Leaders of the Better Together campaign claim that many opponents of separation are reluctant to speak out for fear of being branded unpatriotic.
But the Prime Minister will insist that Scots can be “proudly Scottish and want to stay in the UK”.
Last night the Yes Scotland campaign retorted that a “vocal majority” opposed the Tory policies being imposed on the country.
Mr Cameron’s intervention comes with 11 weeks to go to the vote on 18 September .
Some recent polls indicate that support for leaving the UK could have peaked, although others suggest the No camp is only narrowly ahead of supporters of independence.
Speaking at a Rally for the Union event, Mr Cameron will say: “We’ve heard the noise of the Nationalist few, but now it is time for the voices of the silent majority to be heard.”
Most Scots are worried about the dangers of separation and are happy to remain in the Union, he will insist.
“With 77 days to go, we need the voices of the many to ring out across the land, for each one to realise they are not alone because there are millions just like them,” he will say.
“This is how we rouse them to find their voice. We tell them: We’ve achieved so much together, we’re safer together, we’re better off together, we’ve got the best of both worlds together.”
The Prime Minister will argue: “Too many people in this country have been made to feel you can’t be a proud Scot and say No Thanks, that you've got to choose between the Saltire and the Union flag.

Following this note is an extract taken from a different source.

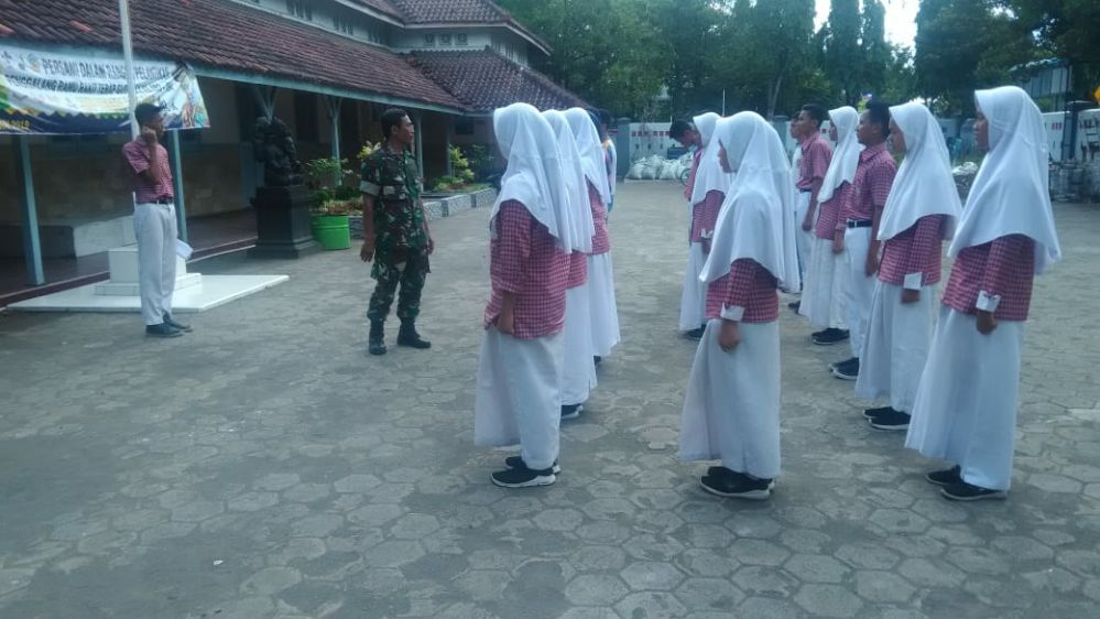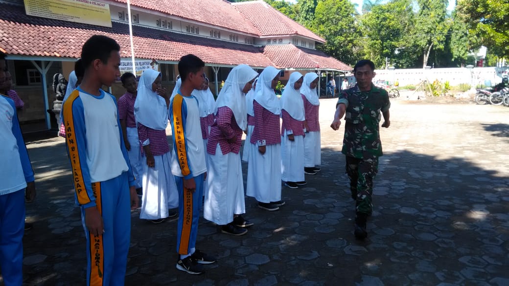 Cilacap – Jelang perlombaan Peraturan Baris Berbaris (PBB) dan Tata Upacara Bendera (TUB) tingkat SLTP se-Kabupaten Cilacap tahun 2019, perwakilan anggota Koramil 01/Cilacap Serma Puryanto, terus gembleng 18 orang Siswa-siswi SMPN 8 Cilacap sebagai binaannya untuk menghadapi perlombaan bergengsi tingkat SLTP tersebut.

“That is wrong. Loving your country means wanting the best for it.”
Blair Jenkins, chief executive of Yes Scotland, said: “David Cameron is seriously out of touch if he thinks there is a silent majority in Scotland in favour of the Tories and their austerity agenda. The reality is there is a very vocal majority against David Cameron governing Scotland, with just a single Tory MP here.”
He said: “The majority David Cameron should be concerned about is the struggling majority, the very many people in Scotland who are faced with low salaries and rising costs of living, and who will vote Yes to a fairer and more prosperous Scotland.”